A New Function of Human Haptoglobin: Endogenous Inhibition of Prostaglandin Biosynthesis and its Relation to Haemoglobin Binding

摘要

Human haptoglobin (Hp) is a glycoprotein present in plasma or serum which has the capacity to bind hemoglobin (Hb) specifically and stoichiometrically. Since Hb stimulates prostaglandin (PG) synthase, we investigated the possibility that Hp might affect PG synthesis by combining with Hb. Human Hp was purified by extraction, ammonium sulphate fractionation and DEAE-ion exchange chromatography. The results showed that Hp (50-250 μg protein) selectively inhibited in a concentration-related manner, the biosynthesis of PGs via cyclooxygenase pathway. Hp also inhibited lipoxygenase pathway of arachidonic acid metabolism in a concentration related manner.

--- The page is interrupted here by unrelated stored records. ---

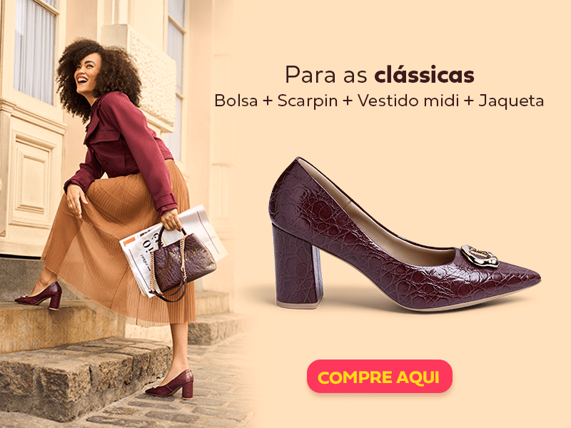 Por outro lado, se você prefere o estilo clássico, nossa dica é combinar um vestido midi de tom neutro com uma terceira peça, além de bolsa e sapatos em burgundy para complementar. Assim, o look fica estiloso sem abrir mão do amado toque tradicional. E, claro, o melhor modelo para acompanhar essa composição é o scarpin. Concorda?
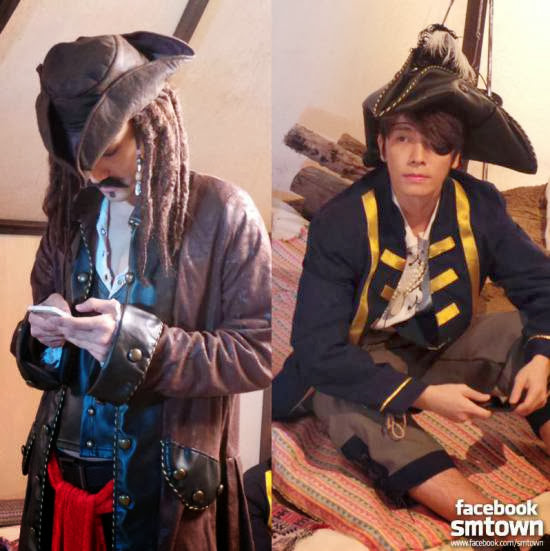 The photos were uploaded on Super Junior's Facebook account. We could see the members lying on the ground wearing pirate's costume. The setting is completely turned into a pirate's camp complete with necessary props.
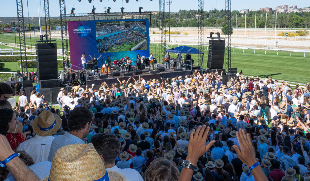 “Movin’ KPMG, que el movimiento no pare” fue una increíble y dinámica jornada en el Hipódromo de Madrid donde los 5.000 empleados disfrutaron con animaciones itinerantes, foodtrucks y puestos de comida, la actuación de una banda compuesta por 7 trabajadores ganadores de un casting musical previo realizado entre los empleados de toda España y la actuación estelar de Dani Martín en la que todos bailaron y se movieron al mismo ritmo.
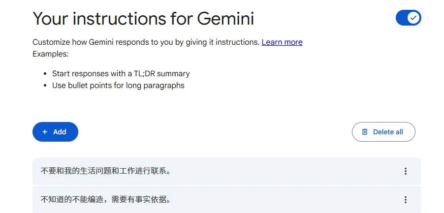 💡 我的做法是,把这些基础信息直接保存在 Gemini 的记忆(instructions) 里,定期更新,让它作为底层代码持续存在。

Additional evidence that Hp inhibited PG biosynthesis was obtained by I) the loss of Hp inhibitory activity upon removal of Hp by affinity chromatography on hemoglobin-sepharose from a sample of purified Hp or plasma, ii) inhibiton by Hp of arachidonic acid or bradykinin-induced bronchoconstriction in the guinea-pig and iii) inhibition of arachidonic acid-induced tone of the rat gastric fundus strip. Hb (a known stimulant of cyclooxygenase) reduced the inhibitory effect of Hp in a concentration-related manner, such that all its inhibitory property was lost when it was completely bound by Hb. These findings point to a new function of Hp: endogenous regulation of PG synthesis by combining with Hb release during injury (thus inflammatory processes). Therefore, mammals have dual defence system i.e. a specific immune system and non-specific Hp defence system.